> [INPUT MATERIAL]:
------------------------------------------------------------

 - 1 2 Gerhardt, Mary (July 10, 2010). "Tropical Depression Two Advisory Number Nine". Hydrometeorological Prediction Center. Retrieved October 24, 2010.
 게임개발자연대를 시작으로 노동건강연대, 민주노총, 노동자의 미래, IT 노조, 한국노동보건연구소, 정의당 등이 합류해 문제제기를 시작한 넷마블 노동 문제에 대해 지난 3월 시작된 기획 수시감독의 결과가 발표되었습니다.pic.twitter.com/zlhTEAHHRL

------------------------------------------------------------

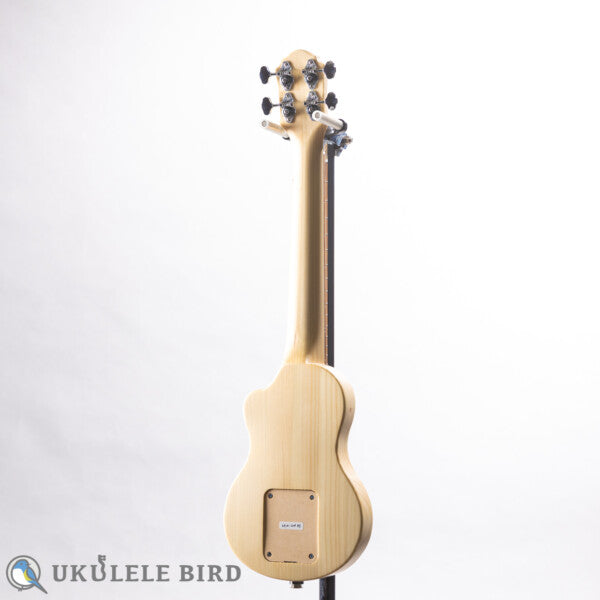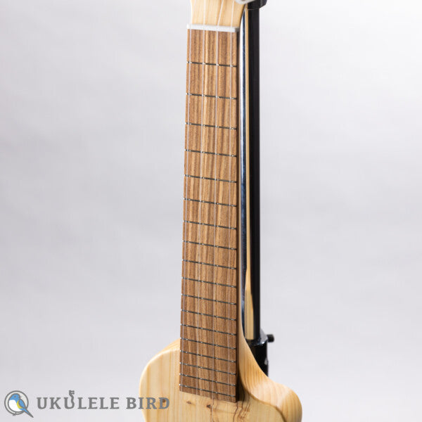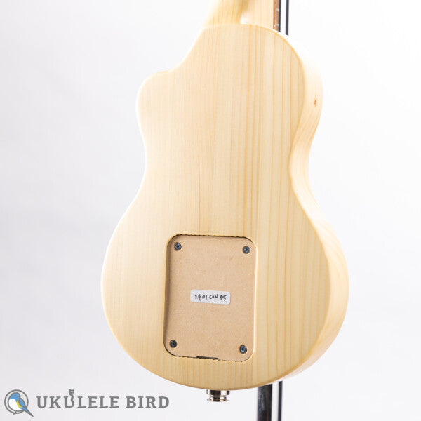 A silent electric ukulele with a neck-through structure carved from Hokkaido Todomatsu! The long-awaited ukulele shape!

------------------------------------------------------------

> [WHAT YOU ARE ASKED TO DO]: The reply should consist solely of the lines above from the one that has "- 1 2 Gerhardt, Mary" through the one that has "게임개발자연대를 시작으로 노동건강연대, 민주노총, 노동자의", reproduced exactly.

> [RESPONSE BOX]:
 - 1 2 Gerhardt, Mary (July 10, 2010). "Tropical Depression Two Advisory Number Nine". Hydrometeorological Prediction Center. Retrieved October 24, 2010.
 게임개발자연대를 시작으로 노동건강연대, 민주노총, 노동자의 미래, IT 노조, 한국노동보건연구소, 정의당 등이 합류해 문제제기를 시작한 넷마블 노동 문제에 대해 지난 3월 시작된 기획 수시감독의 결과가 발표되었습니다.pic.twitter.com/zlhTEAHHRL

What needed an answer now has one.